A cable provider wants to contact customers in a particular telephone exchange t

Question

A cable provider wants to contact customers in a particular telephone exchange to see how satisfied they are with the new digital TV service the company has provided. All numbers are in the 153 exchanges, so there are 10,000 possible numbers from 153-0000 to 153-9999. If they select the numbers with equal probability:

a) What distribution would they use to model the selection?

b) What is the probability the number selected will be an odd number?

c) What is the probability the number selected will end in 555?

A)

a.uniform

b. binomial

c. Poisson

d. geometric

distribution should be used to model the selection.

B) The probability that the number selected will be an odd number is ----------

(Round to three decimal places as needed.)

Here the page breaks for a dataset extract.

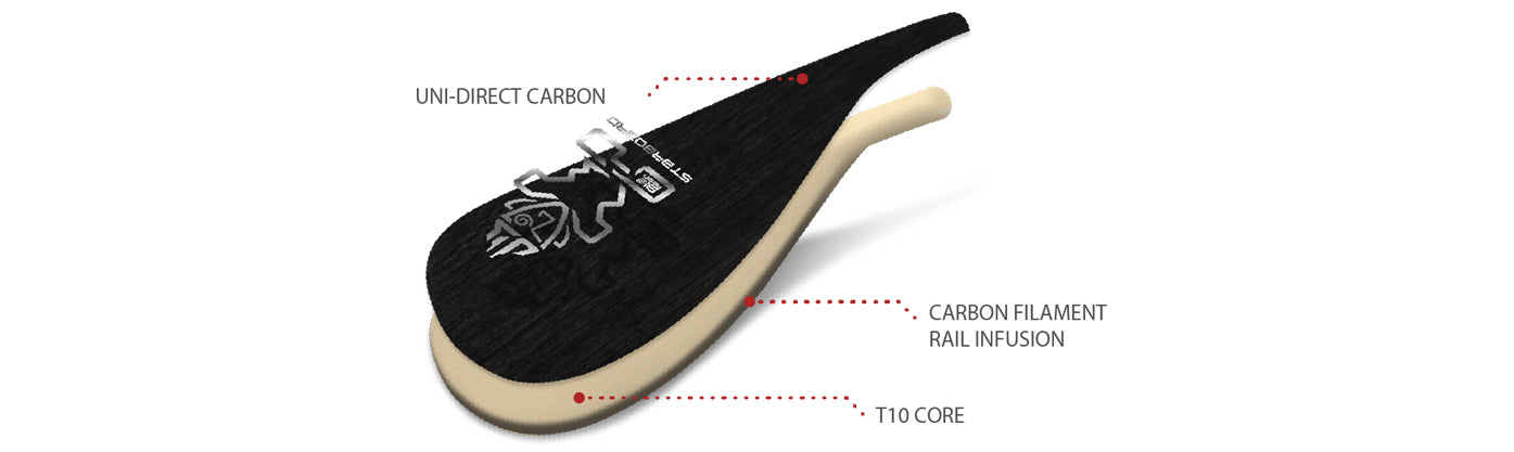 • La totalité de la paggaie est recouverte d’une lamination avec du carbone unidirectionel afin d’apporter de la solidité et du contrôle tout en minimisant le poids.

c) The probability that the number selected will end in 555 is ---------

(Round to three decimal places as needed.)

Explanation / Answer

All the numbers from 1530000 to 1539999 are equally probable

This follows a uniform distribution

a) So, to model this we use the uniform distribution

In this list of 10,000 numbers, we have an equal number of Odd and Even numbers- 5000 each

b) The probability of selecting an Odd number = 0.5

c) The probability that the number will end in 555

We have 153 X555

X can have a total of 10 values from 0 to 9

So, required probability = 10/10000 = 0.001

Hope this helps and Please don't forget to rate the answer :)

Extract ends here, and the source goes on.